◆ **ABOUT THIS EXERCISE**
Transcribe the records that follow, preserving every word.

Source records
== Segment start ==

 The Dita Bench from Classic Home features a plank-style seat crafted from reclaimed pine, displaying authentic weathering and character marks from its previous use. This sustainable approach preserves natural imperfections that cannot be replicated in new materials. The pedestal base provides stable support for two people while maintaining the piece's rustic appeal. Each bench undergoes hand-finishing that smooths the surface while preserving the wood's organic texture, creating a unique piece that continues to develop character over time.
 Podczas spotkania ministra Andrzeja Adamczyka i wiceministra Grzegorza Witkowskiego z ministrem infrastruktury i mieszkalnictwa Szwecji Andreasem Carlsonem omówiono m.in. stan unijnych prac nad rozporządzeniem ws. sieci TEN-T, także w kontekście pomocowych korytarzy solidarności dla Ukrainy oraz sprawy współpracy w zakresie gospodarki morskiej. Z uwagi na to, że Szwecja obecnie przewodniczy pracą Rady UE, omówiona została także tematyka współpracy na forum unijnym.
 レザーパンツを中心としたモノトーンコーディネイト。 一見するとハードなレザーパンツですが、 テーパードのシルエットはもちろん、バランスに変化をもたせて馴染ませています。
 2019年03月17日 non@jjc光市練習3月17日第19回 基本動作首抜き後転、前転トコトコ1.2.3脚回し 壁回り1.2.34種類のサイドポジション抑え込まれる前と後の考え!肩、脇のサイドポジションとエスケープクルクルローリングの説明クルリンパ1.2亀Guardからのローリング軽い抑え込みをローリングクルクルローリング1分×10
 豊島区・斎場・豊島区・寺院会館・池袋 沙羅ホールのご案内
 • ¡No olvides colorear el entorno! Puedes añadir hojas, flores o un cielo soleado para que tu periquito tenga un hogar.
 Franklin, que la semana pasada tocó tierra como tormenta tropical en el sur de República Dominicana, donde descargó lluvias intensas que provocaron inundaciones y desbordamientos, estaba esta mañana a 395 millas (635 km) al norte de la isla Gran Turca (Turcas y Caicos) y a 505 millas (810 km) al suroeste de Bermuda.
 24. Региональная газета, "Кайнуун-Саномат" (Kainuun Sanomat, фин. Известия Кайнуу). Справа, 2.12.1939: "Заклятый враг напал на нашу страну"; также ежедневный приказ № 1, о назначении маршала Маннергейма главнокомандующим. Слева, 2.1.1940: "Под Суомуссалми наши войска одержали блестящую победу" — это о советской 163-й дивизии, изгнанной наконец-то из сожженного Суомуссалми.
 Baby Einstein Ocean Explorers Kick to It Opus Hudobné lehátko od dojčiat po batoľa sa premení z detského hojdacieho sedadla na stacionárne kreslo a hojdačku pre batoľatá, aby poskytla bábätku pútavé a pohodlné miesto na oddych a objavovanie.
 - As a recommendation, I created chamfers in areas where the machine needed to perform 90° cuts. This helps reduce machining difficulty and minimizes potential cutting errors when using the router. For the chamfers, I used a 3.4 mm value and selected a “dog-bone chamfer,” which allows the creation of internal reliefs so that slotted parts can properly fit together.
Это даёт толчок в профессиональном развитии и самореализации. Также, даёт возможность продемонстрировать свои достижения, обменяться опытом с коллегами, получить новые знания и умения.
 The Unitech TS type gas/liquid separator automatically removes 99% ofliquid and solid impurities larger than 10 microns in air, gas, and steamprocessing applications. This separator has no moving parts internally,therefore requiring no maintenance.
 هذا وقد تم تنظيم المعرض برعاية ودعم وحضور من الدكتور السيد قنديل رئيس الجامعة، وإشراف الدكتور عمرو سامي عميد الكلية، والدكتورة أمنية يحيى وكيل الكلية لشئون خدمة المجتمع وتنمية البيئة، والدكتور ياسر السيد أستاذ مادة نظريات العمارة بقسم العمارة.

== Segment end ==

◆ **TASK OUTPUT**
 The Dita Bench from Classic Home features a plank-style seat crafted from reclaimed pine, displaying authentic weathering and character marks from its previous use. This sustainable approach preserves natural imperfections that cannot be replicated in new materials. The pedestal base provides stable support for two people while maintaining the piece's rustic appeal. Each bench undergoes hand-finishing that smooths the surface while preserving the wood's organic texture, creating a unique piece that continues to develop character over time.
 Podczas spotkania ministra Andrzeja Adamczyka i wiceministra Grzegorza Witkowskiego z ministrem infrastruktury i mieszkalnictwa Szwecji Andreasem Carlsonem omówiono m.in. stan unijnych prac nad rozporządzeniem ws. sieci TEN-T, także w kontekście pomocowych korytarzy solidarności dla Ukrainy oraz sprawy współpracy w zakresie gospodarki morskiej. Z uwagi na to, że Szwecja obecnie przewodniczy pracą Rady UE, omówiona została także tematyka współpracy na forum unijnym.
 レザーパンツを中心としたモノトーンコーディネイト。 一見するとハードなレザーパンツですが、 テーパードのシルエットはもちろん、バランスに変化をもたせて馴染ませています。
 2019年03月17日 non@jjc光市練習3月17日第19回 基本動作首抜き後転、前転トコトコ1.2.3脚回し 壁回り1.2.34種類のサイドポジション抑え込まれる前と後の考え!肩、脇のサイドポジションとエスケープクルクルローリングの説明クルリンパ1.2亀Guardからのローリング軽い抑え込みをローリングクルクルローリング1分×10
 豊島区・斎場・豊島区・寺院会館・池袋 沙羅ホールのご案内
 • ¡No olvides colorear el entorno! Puedes añadir hojas, flores o un cielo soleado para que tu periquito tenga un hogar.
 Franklin, que la semana pasada tocó tierra como tormenta tropical en el sur de República Dominicana, donde descargó lluvias intensas que provocaron inundaciones y desbordamientos, estaba esta mañana a 395 millas (635 km) al norte de la isla Gran Turca (Turcas y Caicos) y a 505 millas (810 km) al suroeste de Bermuda.
 24. Региональная газета, "Кайнуун-Саномат" (Kainuun Sanomat, фин. Известия Кайнуу). Справа, 2.12.1939: "Заклятый враг напал на нашу страну"; также ежедневный приказ № 1, о назначении маршала Маннергейма главнокомандующим. Слева, 2.1.1940: "Под Суомуссалми наши войска одержали блестящую победу" — это о советской 163-й дивизии, изгнанной наконец-то из сожженного Суомуссалми.
 Baby Einstein Ocean Explorers Kick to It Opus Hudobné lehátko od dojčiat po batoľa sa premení z detského hojdacieho sedadla na stacionárne kreslo a hojdačku pre batoľatá, aby poskytla bábätku pútavé a pohodlné miesto na oddych a objavovanie.
 - As a recommendation, I created chamfers in areas where the machine needed to perform 90° cuts. This helps reduce machining difficulty and minimizes potential cutting errors when using the router. For the chamfers, I used a 3.4 mm value and selected a “dog-bone chamfer,” which allows the creation of internal reliefs so that slotted parts can properly fit together.
Это даёт толчок в профессиональном развитии и самореализации. Также, даёт возможность продемонстрировать свои достижения, обменяться опытом с коллегами, получить новые знания и умения.
 The Unitech TS type gas/liquid separator automatically removes 99% ofliquid and solid impurities larger than 10 microns in air, gas, and steamprocessing applications. This separator has no moving parts internally,therefore requiring no maintenance.
 هذا وقد تم تنظيم المعرض برعاية ودعم وحضور من الدكتور السيد قنديل رئيس الجامعة، وإشراف الدكتور عمرو سامي عميد الكلية، والدكتورة أمنية يحيى وكيل الكلية لشئون خدمة المجتمع وتنمية البيئة، والدكتور ياسر السيد أستاذ مادة نظريات العمارة بقسم العمارة.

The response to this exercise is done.